The investment return threshold that investors with mortgages need to meet to be better off than if they just paid down their mortgages is now nearer 6 per cent rather than the 9-10 per cent that it was just a few months ago. So if you have some spare money, the question is: Can you find investments that will give you 6 per cent after tax?
The answer is yes - shares and units in listed commercial property trusts should give combined dividends and capital growth over the next decade or so surpassing 6 per cent. These markets have already fallen greatly and although they may fall further, I would be surprised if the after-tax returns from shares and listed commercial property trusts did not exceed this return level.
In my view there is a substantial group of people who should pay as little off the mortgage as possible and get ready to invest the surpluses they have.
This strategy has some risk: First, interest rates could shoot back up again - unlikely to happen any time soon, I think, but always possible. Second, the markets may remain flat for years. There is a greater chance of this as there may indeed be little or no capital growth for a decade.
However New Zealand shares and listed property trusts offer such good dividend yields at present that even without capital growth, you are likely to beat that 6 per cent threshold.
Although there is risk, it is less than it was a year ago when the share market index was at 4000 (currently 2700) and mortgage interest rates were higher.
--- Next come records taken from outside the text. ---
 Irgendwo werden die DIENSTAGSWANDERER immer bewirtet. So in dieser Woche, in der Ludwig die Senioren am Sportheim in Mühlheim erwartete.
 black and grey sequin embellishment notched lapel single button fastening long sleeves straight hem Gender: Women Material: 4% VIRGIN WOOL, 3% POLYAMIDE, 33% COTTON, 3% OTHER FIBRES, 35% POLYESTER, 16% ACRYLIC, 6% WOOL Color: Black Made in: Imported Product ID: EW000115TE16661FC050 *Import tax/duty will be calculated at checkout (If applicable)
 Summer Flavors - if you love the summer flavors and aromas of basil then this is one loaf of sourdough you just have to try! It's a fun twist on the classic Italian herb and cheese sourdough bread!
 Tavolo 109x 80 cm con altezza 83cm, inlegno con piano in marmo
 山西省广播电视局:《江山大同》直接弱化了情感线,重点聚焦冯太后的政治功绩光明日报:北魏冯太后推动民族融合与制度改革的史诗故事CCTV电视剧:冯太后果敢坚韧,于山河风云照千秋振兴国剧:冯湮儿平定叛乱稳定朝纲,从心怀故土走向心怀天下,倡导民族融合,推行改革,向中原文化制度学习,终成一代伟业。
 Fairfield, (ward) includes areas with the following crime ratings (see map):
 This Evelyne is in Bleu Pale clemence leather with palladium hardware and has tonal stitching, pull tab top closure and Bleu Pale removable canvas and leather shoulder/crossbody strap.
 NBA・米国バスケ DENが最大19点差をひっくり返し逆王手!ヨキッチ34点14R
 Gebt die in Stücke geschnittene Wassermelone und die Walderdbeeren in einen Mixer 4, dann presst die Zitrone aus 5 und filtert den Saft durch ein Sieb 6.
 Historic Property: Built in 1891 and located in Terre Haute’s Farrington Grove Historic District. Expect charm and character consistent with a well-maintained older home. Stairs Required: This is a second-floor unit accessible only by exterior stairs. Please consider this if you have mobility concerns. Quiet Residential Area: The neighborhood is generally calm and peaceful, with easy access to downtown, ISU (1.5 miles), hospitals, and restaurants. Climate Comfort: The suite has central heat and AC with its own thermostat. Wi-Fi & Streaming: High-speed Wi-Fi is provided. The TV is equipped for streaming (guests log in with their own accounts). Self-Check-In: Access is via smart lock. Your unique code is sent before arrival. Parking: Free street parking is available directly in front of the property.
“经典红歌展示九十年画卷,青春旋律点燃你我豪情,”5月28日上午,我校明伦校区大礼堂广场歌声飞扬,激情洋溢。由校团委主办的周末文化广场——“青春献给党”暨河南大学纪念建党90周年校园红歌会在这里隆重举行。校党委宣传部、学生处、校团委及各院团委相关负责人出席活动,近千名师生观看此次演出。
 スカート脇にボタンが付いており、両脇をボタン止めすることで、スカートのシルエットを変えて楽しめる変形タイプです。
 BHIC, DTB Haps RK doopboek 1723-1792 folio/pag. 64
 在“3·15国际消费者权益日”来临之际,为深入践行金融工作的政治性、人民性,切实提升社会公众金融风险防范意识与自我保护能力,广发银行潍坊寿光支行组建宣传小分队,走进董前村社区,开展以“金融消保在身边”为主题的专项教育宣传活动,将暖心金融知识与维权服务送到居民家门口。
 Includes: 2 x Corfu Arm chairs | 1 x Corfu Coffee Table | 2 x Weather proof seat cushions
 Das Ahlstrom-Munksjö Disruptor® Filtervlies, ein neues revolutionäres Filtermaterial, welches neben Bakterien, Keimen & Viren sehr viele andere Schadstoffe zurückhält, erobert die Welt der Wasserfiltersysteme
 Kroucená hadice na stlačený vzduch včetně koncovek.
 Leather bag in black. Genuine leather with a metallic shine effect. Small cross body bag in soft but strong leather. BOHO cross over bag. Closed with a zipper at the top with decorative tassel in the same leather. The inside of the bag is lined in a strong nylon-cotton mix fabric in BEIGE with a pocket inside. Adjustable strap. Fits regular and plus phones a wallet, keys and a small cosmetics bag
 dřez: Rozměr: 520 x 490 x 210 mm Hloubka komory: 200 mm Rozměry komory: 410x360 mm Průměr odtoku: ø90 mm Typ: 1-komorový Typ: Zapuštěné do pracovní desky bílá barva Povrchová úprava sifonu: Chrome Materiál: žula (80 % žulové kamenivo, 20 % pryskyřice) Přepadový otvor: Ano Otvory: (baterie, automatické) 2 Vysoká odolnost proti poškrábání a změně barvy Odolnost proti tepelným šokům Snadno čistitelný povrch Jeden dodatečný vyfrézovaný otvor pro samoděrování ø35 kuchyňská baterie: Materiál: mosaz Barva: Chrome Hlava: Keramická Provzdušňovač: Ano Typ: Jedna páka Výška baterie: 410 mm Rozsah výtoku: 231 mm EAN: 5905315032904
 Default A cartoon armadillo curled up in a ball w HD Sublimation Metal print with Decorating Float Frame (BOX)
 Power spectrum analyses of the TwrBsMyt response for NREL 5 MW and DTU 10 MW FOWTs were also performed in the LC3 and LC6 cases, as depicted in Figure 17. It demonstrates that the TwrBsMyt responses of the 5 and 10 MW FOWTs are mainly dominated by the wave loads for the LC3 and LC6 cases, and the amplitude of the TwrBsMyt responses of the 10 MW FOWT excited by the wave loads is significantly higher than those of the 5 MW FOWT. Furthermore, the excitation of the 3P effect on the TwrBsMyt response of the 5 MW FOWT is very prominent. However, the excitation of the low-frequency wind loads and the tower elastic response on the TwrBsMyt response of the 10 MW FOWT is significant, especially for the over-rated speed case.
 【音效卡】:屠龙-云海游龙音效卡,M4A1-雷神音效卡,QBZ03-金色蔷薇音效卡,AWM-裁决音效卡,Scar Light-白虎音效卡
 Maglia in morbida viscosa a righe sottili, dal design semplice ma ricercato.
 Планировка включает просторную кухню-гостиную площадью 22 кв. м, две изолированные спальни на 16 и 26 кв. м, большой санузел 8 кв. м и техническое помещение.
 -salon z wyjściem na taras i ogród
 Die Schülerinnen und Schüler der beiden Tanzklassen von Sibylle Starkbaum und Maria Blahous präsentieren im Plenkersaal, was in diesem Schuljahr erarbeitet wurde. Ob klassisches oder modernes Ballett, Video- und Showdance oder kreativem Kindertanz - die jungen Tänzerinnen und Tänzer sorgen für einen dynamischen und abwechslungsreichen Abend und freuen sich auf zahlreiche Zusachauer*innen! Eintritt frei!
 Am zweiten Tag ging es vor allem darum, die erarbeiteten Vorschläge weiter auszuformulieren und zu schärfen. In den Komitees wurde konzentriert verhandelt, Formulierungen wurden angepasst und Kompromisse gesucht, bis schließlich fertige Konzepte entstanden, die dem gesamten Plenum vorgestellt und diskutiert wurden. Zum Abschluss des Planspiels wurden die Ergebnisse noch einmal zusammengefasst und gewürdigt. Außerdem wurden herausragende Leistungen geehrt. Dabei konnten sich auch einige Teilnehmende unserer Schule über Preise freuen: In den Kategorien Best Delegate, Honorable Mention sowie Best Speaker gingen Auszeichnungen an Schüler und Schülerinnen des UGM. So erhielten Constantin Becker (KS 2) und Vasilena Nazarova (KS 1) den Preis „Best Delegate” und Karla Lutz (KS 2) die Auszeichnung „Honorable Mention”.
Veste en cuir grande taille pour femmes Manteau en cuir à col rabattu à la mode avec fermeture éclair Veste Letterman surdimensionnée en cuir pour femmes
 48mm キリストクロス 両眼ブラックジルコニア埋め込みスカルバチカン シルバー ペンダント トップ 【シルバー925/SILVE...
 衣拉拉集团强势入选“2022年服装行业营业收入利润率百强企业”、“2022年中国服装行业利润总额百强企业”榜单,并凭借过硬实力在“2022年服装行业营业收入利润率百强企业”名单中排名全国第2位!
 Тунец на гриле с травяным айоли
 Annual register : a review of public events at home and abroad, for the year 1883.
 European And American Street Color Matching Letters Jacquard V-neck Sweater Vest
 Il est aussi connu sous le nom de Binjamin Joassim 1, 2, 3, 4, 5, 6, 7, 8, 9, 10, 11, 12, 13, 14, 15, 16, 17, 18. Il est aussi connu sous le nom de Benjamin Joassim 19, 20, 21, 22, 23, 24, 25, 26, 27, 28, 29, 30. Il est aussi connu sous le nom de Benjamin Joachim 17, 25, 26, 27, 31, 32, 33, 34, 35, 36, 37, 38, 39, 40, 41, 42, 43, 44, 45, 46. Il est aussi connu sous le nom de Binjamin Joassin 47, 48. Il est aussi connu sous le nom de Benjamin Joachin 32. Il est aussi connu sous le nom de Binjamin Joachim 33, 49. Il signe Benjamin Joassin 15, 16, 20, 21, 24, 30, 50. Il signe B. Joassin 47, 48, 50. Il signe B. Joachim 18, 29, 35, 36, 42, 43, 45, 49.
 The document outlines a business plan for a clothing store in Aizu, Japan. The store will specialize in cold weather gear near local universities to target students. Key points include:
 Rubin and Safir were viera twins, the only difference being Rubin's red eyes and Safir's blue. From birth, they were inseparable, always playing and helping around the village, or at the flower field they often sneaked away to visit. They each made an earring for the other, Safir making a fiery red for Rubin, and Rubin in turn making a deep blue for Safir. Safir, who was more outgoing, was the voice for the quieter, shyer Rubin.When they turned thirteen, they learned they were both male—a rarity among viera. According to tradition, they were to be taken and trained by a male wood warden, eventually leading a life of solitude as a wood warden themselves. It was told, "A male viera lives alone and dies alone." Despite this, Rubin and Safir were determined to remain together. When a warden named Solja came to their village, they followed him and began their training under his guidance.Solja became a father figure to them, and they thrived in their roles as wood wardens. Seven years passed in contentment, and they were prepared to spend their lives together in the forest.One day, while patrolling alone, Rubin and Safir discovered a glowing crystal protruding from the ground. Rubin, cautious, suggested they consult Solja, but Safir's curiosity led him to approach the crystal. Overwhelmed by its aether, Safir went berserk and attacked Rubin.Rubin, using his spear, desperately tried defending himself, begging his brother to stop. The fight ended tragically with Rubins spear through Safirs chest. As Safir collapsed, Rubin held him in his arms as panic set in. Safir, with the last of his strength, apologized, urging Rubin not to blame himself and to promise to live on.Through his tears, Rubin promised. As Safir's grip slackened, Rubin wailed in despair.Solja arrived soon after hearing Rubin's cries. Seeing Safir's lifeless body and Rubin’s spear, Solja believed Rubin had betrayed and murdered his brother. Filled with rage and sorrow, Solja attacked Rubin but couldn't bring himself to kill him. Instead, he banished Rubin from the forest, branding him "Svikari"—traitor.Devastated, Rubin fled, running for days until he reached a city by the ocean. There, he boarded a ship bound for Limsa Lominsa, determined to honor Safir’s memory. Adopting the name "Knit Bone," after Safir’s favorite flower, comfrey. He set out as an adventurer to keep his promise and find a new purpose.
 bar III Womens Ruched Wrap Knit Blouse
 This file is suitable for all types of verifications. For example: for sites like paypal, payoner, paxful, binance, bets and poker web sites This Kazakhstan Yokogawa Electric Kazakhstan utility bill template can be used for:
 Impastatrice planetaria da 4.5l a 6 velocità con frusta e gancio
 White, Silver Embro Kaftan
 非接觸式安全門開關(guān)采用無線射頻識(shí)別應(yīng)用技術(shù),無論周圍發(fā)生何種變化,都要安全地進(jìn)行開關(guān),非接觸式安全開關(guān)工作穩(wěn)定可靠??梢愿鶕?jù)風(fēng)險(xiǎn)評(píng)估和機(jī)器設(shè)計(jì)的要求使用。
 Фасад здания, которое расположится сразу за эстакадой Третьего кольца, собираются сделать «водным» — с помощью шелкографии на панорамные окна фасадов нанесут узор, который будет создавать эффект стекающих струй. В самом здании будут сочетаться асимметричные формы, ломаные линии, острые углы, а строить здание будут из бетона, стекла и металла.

If you want to be safe, carry on paying off the mortgage as fast as you can - as rates fall, keep paying at least the same amount as you were when rates were high. You will get an effective 6 per cent return on your money after tax.
However, if you have secure income from your job or business and are prepared to take on risk, hoard cash and get ready to make some profitable investments.
The coming year or two will see some great investment opportunities for those who are bold. You will need to get good advice and think long term.
Although this recession will be hurtful for most, there will be a group who will use it to create real wealth. The time is probably not quite yet, but you should be getting ready to steal some bargains.